Chaque matin serait une renaissance

Le regard sur les autres

Sagesses traditionnelles

Un vieil homme était assis à la porte d'une ville.

Un jeune homme s'approcha et lui dit :

— Bonjour ! je ne suis jamais venu ici, comment sont les gens qui vivent dans cette ville ?

L'homme lui répondit par une question :

— Et comment étaient les gens dans la ville d’où tu viens ?

— Égoïstes et méchants, c'est d'ailleurs la raison pour laquelle j’étais bien content de partir, dit le jeune homme.

Le vieil homme répondit :

— Malheureusement pour toi, je crains que tu ne trouves exactement les mêmes gens ici.

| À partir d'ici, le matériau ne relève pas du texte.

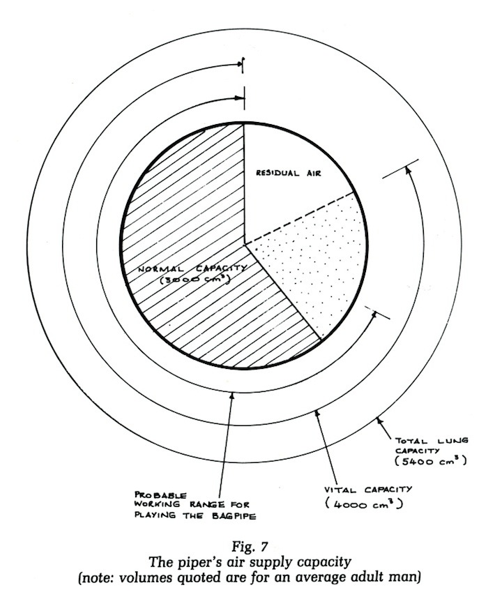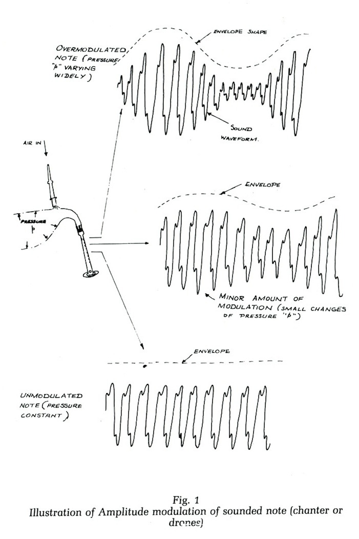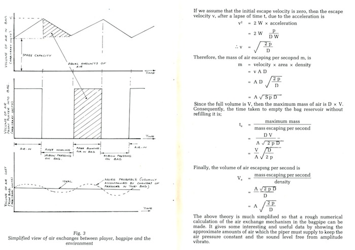 という催しがベルギーで開催されることになったというが報告されています。 P11 A Visit to Australia は、1980年4月号で紹介した記事と同じタ イトルですが、今年(1981年)は、Murray & Patricia Henderson に代わって、Jimmy McIntosh が同様の招待を受けて、のべ5週間のオーストラリア&ニュージーランドに於けるレクチャー&チュートリアル・ツアーを敢 行したというレポート。2月のうす ら寒いスコットランドを抜けだして、陽光あふれる南半球で歓待されるのは、誰にとっても歓迎すべき申し出と言えるので しょう。 P28 The Principles of Air Maintenance and Air Exchanges in the Highland Bagpipe と いう長〜いタイトルの記事は、内容も濃くてのべ 12ページに及ぶ力の入った論文です。といっても、その半分は以下のような図で、その間に理系に強くない人には到底理解 不能な数式がズラズラ並んでいると いう記事です。内容が理解できないのですから、紹介しようがありませんので、幾つかの図を転載してお茶を濁します。 では…、

Un peu plus tard, un autre jeune homme s'approcha et lui posa exactement la même question.

— Bonjour ! je viens d'arriver dans la région, pouvez-vous me dire comment sont les gens qui vivent dans cette ville ?

Le vieil homme répondit de même :

— Dis-moi mon garçon, comment étaient les gens dans la ville d’où tu viens ?

— Ho ! Ils étaient gentils, accueillants et honnêtes, j'y avais de bons amis, j'ai eu beaucoup de mal à la quitter. Répondit le jeune homme.

— Par chance pour toi, tu trouveras les mêmes personnes ici. Répondit le vieil homme.